Booth Id:
EAEV077
Category:
Earth and Environmental Sciences
Year:
2024
Finalist Names:
Djajalie, Elizabeth (School: Thunder Mountain High School)
Abstract:
Planetary biodiversity is declining at alarming rates. Species conservation depends on knowing what species are present in an environment and in what quantities. A keystone species in Alaska is Oncorhynchus nerka, commonly known as sockeye salmon. Traditional methods of quantifying this species are often costly, time-consuming, dependent on expertise, and environmentally invasive. Environmental DNA (eDNA) may provide an alternative quantification method that solves these problems. Our previous project determined that quantitative eDNA metabarcoding could accurately enumerate sockeye salmon in eight creeks in the Wood River watershed of Southwest Alaska.

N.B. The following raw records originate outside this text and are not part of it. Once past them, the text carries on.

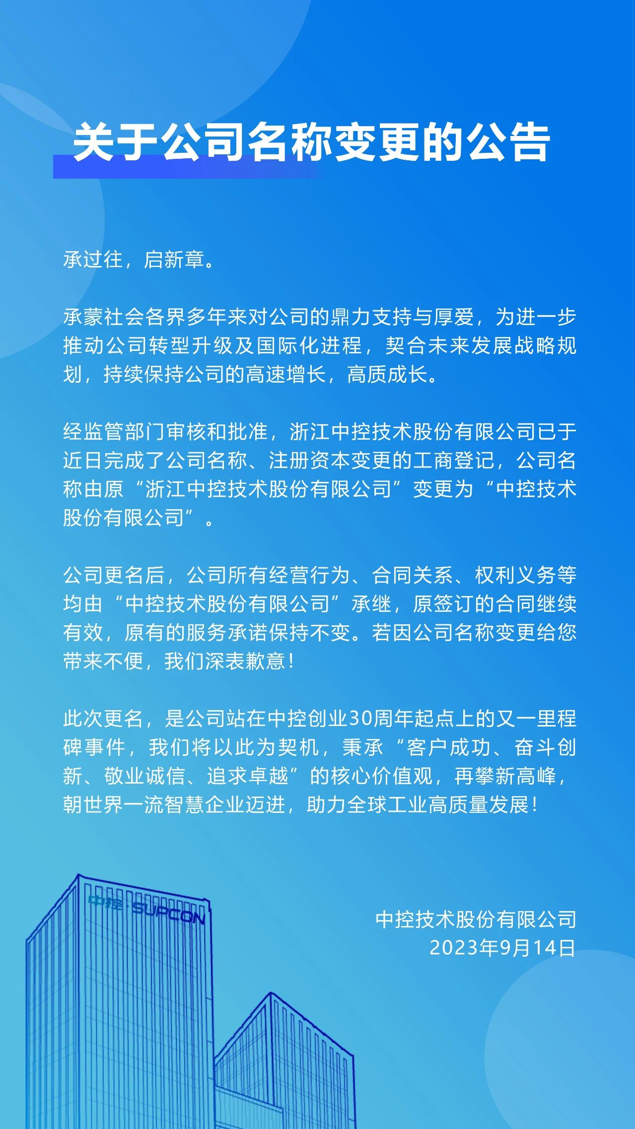 正式更名!中控技術股份有限公司
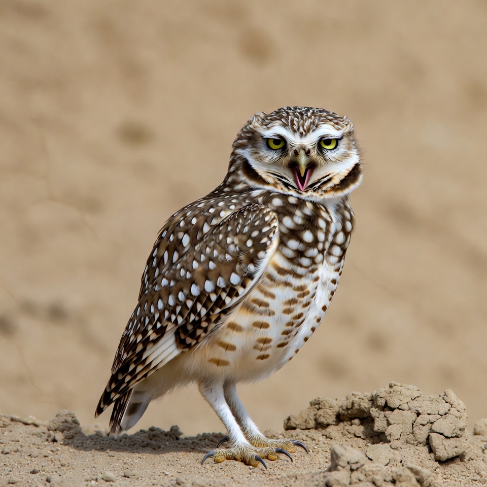 A burrowing owl with spotted brown and white feathers stands on sandy terrain. It faces forward with large yellow eyes and an open beak. The background features a blurred desert-like sandy area.
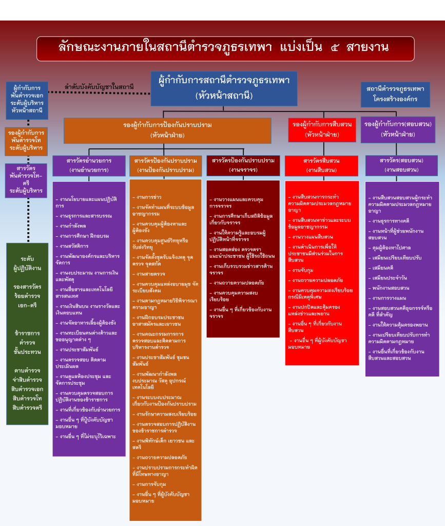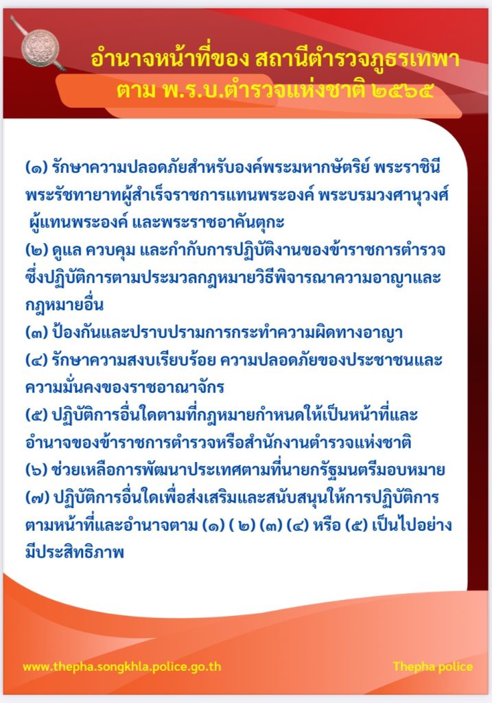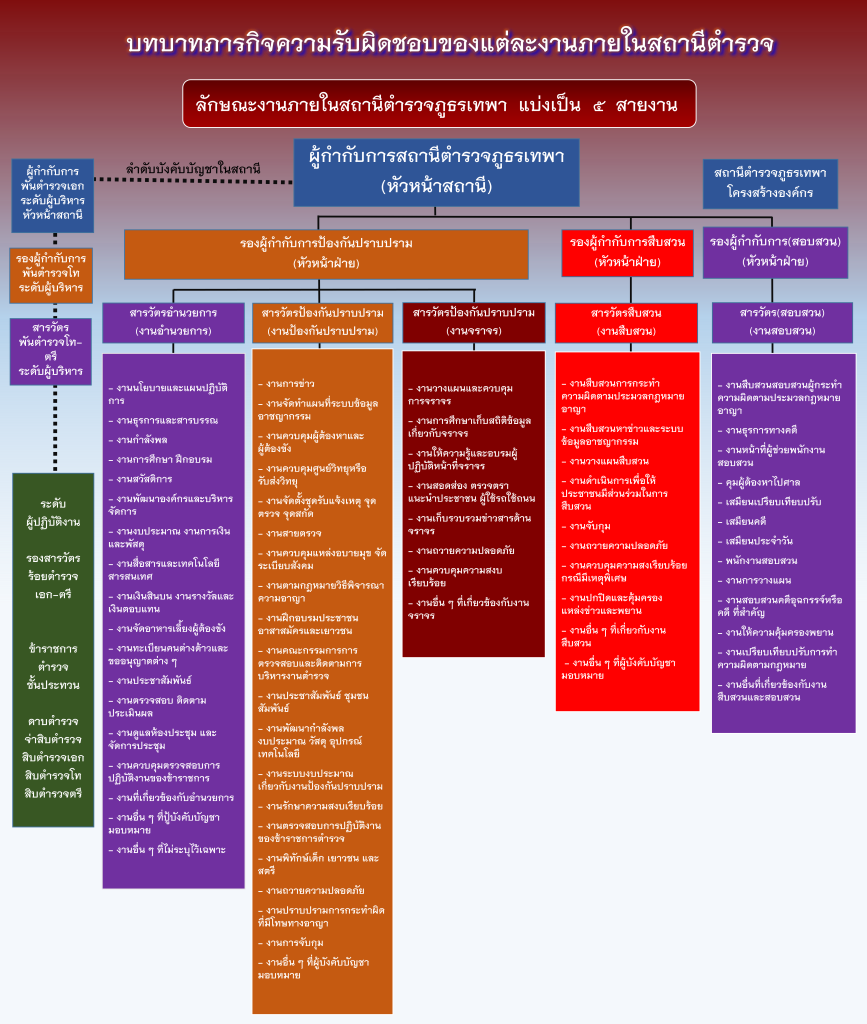 สถานีตำรวจ มีหน้าที่ตามประมวลกฎหมายวิธีพิจารณาความอาญา และตามกฎหมายอื่นอันเกี่ยวกับความผิดในคดีอาญาภายในเขตอำนาจการรับผิดชอบหรือเขตพื้นที่การปกครอง รวมถึงการรับผิดชอบในด้านการงานและการปกครองบังคับบัญชาถัดรองลงไปจากกองบังคับการตำรวจนครบาล (1-9) / ตำรวจภูธรภาค (1-9) หรือตำรวจภูธรจังหวัด เพื่อรักษาความปลอดภัยในชีวิตและทรัพย์สิน ความมั่นคงภายใน บริการทางสังคม ชุมชน และมวลชนสัมพันธ์ การพัฒนางานบริหารและงานจเรตำรวจ การป้องกันปราบปรามอาชญากรรมและการรักษาความสงบเรียบร้อย รวมถึงงานกิจการพิเศษ และงานอื่น ๆ ที่เกี่ยวข้องกับสถานีตำรวจ ซึ่งงานในสถานีตำรวจ แบ่งออกเป็น 5 สายงาน ตามคำสั่ง ตร. ที่ 537/2555 ดังนี้

This project continues the previous year’s investigation by analyzing the same eDNA samples using a second eDNA analysis technique: quantitative Polymerase Chain Reaction (qPCR), which is potentially more accurate than metabarcoding. Visual survey fish counts served as the gold standard. Samples underwent qPCR processing that produced species abundance estimates from the eDNA. qPCR abundance estimates were compared to those of visual surveys and eDNA metabarcoding. The results strongly supported qPCR’s ability to accurately quantify sockeye salmon and established that an eDNA signal no matter the analysis method is a concentration estimate that needs to be corrected for volume surveyed. Visual counts were therefore divided by watershed area before being compared to eDNA counts. Overall, qPCR and metabarcoding methods appear comparable and both capable of serving as an alternative or supplement to traditional methods of species enumeration. However, if metabarcoding is used to quantify abundance across multiple sampling runs, it must be standardized with qPCR to account for variation in sequencing efficiency.